Os jovens na linha de frente em Hong Kong, sem líderes nem ilusões - Thomas Peter/Reuters
Os jovens na linha de frente em Hong Kong, sem líderes nem ilusões Imagem: Thomas Peter/Reuters

16/06/2019 11h32

Hong Kong, 16 Jun 2019 (AFP) - Os jovens de Hong Kong que enfrentaram a polícia de choque na última semana explicam por que escolheram a estratégia do confronto depois de anos de manifestações pacíficas contra a erosão das liberdades na ex-colônia britânica.

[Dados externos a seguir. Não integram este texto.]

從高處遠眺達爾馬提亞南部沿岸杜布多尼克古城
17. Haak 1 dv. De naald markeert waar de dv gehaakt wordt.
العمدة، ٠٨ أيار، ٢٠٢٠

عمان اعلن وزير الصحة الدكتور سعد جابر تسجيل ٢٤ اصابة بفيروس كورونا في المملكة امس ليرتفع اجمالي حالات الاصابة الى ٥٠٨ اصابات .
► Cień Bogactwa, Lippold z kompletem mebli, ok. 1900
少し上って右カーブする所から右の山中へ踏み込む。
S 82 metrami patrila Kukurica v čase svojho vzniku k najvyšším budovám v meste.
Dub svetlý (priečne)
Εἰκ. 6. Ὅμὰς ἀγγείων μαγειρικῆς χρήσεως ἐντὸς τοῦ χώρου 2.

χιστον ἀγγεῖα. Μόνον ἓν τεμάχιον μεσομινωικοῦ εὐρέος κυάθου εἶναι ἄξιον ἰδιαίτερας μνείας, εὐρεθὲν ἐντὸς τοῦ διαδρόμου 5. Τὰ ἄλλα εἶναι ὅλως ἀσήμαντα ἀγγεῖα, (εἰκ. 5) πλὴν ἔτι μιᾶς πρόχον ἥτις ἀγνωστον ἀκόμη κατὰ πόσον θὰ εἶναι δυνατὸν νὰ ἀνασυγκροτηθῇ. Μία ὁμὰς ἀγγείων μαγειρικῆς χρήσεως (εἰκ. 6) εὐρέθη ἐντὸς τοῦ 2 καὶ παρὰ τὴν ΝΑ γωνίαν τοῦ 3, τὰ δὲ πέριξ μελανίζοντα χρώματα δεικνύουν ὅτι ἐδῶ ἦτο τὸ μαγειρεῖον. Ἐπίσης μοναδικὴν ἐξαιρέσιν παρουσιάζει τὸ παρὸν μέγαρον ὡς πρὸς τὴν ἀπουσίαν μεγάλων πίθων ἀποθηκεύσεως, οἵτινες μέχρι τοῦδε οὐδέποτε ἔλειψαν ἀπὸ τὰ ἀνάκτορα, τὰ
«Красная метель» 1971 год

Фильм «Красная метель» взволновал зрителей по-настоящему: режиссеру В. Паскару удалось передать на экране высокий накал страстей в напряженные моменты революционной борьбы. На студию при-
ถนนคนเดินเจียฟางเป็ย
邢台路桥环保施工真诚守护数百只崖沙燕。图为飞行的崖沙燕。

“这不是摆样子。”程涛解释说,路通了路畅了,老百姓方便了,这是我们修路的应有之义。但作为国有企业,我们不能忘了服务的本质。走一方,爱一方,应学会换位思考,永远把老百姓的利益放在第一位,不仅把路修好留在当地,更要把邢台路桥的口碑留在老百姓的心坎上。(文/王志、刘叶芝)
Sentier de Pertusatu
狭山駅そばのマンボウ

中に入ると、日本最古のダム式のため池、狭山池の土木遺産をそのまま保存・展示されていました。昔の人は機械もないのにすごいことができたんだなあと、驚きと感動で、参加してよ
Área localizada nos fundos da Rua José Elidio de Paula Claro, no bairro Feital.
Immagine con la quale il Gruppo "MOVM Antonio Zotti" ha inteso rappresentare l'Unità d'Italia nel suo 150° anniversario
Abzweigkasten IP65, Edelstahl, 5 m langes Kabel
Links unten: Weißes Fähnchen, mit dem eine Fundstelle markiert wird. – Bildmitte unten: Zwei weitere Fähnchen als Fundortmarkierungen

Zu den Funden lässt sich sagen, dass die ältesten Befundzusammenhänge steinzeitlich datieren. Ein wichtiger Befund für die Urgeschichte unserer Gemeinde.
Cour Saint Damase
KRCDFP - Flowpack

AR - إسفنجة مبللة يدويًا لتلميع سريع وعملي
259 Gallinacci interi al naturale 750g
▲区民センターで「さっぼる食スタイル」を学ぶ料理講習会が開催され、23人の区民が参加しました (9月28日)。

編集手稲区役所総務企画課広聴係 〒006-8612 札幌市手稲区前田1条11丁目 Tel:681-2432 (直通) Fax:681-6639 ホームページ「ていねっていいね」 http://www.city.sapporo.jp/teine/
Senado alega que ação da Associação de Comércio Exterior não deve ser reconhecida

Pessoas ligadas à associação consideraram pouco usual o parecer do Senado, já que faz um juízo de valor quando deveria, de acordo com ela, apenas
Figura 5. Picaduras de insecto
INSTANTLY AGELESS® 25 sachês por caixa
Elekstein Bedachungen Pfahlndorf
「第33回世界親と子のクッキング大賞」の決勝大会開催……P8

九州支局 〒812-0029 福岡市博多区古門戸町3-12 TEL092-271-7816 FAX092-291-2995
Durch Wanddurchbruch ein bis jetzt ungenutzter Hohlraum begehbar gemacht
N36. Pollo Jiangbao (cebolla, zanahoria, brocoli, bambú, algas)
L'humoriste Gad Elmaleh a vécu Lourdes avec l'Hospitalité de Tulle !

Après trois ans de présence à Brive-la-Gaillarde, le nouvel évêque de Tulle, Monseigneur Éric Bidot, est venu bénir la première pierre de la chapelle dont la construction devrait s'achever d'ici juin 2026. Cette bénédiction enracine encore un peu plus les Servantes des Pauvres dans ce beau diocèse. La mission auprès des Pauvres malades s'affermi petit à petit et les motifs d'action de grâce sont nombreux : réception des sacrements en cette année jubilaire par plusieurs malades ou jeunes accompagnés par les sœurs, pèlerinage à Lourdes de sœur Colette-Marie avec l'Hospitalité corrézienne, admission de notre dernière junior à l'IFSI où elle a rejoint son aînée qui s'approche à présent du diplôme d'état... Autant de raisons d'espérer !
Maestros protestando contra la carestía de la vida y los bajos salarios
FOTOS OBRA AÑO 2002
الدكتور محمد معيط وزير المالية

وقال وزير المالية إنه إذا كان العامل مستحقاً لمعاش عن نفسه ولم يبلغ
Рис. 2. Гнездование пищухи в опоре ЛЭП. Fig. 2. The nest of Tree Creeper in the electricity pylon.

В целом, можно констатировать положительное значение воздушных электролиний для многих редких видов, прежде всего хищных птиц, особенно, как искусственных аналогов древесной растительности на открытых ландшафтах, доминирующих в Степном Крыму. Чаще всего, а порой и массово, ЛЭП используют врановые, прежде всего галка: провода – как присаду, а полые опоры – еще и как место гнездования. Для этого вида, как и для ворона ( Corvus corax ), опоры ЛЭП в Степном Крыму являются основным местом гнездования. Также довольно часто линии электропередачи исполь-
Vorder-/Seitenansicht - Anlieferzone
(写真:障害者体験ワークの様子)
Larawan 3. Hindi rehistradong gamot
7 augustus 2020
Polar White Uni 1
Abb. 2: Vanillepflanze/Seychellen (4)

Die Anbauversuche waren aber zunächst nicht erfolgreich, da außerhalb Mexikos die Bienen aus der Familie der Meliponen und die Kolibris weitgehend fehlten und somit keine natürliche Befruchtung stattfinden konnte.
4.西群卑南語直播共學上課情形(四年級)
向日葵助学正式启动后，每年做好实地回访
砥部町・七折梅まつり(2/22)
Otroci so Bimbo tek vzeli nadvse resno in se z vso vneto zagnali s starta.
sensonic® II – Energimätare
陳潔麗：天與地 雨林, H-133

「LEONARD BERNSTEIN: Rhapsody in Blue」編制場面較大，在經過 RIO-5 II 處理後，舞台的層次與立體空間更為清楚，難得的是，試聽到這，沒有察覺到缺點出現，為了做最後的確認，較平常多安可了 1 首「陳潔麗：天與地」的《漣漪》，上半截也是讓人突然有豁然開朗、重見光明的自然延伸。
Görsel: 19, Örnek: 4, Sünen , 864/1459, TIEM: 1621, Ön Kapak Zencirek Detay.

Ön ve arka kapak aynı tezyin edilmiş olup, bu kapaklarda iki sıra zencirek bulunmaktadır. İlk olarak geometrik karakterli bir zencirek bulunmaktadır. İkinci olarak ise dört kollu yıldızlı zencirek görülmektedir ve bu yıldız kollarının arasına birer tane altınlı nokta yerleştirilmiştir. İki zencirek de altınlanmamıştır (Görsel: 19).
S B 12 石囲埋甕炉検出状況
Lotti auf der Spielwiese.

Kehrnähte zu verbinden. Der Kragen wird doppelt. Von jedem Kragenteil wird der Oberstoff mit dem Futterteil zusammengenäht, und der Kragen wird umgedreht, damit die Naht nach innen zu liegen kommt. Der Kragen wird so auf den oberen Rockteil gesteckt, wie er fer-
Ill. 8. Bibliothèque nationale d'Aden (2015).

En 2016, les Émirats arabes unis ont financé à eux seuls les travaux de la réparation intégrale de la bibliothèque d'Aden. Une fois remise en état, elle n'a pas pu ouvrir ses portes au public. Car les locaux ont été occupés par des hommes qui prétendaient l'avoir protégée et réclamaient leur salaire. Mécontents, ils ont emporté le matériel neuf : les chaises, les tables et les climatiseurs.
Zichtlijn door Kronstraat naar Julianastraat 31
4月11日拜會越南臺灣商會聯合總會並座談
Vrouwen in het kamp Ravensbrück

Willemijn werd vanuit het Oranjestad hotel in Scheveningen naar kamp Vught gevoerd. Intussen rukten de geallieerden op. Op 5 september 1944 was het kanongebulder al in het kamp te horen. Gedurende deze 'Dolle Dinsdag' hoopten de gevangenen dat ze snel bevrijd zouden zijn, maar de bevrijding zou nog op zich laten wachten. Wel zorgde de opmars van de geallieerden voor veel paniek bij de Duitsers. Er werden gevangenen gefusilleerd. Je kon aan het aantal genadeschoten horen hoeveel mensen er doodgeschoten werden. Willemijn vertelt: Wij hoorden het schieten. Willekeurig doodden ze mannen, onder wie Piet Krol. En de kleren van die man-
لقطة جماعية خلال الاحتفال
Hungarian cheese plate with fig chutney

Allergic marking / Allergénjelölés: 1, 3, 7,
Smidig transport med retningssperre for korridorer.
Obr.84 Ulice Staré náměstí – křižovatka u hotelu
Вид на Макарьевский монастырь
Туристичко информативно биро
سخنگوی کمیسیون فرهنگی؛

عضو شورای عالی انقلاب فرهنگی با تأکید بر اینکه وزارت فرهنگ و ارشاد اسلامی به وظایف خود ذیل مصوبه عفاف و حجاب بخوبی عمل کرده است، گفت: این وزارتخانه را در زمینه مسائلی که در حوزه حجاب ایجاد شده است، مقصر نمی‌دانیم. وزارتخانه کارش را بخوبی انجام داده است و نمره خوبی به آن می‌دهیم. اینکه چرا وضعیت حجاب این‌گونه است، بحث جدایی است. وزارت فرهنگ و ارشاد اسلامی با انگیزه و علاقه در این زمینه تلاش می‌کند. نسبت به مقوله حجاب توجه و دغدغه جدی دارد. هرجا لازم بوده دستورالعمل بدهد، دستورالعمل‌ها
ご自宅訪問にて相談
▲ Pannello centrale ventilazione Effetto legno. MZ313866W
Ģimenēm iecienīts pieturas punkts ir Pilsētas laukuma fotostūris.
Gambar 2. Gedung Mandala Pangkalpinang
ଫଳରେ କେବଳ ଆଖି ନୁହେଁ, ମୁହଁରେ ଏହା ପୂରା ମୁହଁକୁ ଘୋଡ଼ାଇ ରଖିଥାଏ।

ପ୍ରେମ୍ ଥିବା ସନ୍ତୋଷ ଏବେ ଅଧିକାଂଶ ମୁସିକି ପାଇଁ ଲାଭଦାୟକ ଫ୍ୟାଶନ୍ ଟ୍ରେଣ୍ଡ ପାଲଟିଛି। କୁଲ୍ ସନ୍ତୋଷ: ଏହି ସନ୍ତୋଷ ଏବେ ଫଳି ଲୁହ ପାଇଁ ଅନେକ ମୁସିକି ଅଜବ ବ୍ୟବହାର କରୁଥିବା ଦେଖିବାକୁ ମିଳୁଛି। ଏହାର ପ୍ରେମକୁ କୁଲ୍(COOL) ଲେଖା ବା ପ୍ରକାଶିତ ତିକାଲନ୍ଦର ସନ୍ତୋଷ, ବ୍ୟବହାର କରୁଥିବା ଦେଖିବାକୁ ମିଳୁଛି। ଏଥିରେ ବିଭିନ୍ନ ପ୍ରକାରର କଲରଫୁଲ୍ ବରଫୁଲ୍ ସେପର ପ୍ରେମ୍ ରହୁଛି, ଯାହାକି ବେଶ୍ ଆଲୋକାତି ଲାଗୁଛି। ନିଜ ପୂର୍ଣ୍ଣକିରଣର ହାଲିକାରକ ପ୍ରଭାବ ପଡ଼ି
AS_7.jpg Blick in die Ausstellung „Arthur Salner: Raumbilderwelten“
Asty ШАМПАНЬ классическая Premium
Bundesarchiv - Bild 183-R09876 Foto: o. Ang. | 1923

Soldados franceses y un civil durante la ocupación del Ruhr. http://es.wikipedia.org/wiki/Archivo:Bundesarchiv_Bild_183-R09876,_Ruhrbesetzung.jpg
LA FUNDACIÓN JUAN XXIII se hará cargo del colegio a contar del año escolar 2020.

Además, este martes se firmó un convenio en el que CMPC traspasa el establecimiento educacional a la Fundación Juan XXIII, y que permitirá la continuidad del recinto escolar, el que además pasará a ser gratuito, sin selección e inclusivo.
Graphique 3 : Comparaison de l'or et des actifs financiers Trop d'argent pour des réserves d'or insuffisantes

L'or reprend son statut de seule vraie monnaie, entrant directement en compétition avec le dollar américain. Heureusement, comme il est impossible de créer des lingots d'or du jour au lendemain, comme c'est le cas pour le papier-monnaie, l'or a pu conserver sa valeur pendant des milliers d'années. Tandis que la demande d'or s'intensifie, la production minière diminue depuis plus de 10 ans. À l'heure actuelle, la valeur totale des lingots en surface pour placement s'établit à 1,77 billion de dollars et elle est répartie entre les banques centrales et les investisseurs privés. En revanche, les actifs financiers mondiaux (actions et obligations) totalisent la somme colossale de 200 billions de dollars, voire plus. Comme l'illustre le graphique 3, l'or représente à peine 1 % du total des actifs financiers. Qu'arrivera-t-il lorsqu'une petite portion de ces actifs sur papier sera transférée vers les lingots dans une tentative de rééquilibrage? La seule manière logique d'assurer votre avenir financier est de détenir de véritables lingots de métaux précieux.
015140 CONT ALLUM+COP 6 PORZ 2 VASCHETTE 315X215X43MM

Em uma série de entrevistas com a AFP, esses jovens, em sua maioria estudantes, relatam ter perdido a fé nas manifestações pacíficas e campanhas de desobediência civil.

Os líderes dos movimentos pró-democracia anteriores estão presos e, por isso, os jovens de hoje não têm orientação e devem se organizar em pequenas células.

Este centro financeiro internacional, devolvido à China em 1997, foi palco de violência sem precedentes na última quarta-feira, quando jovens confrontaram a polícia para protestar contra um projeto de lei, que já foi suspenso, de extradições para a China continental.

Na linha de frente, Sharon, uma estudante de 18 anos, afirma ter percebido três dias antes que as manifestações pacíficas são inúteis.

Um número recorde de manifestantes - um milhão, de um total de sete milhões de habitantes, segundo os organizadores - foi às ruas para exigir a retirada do projeto de lei.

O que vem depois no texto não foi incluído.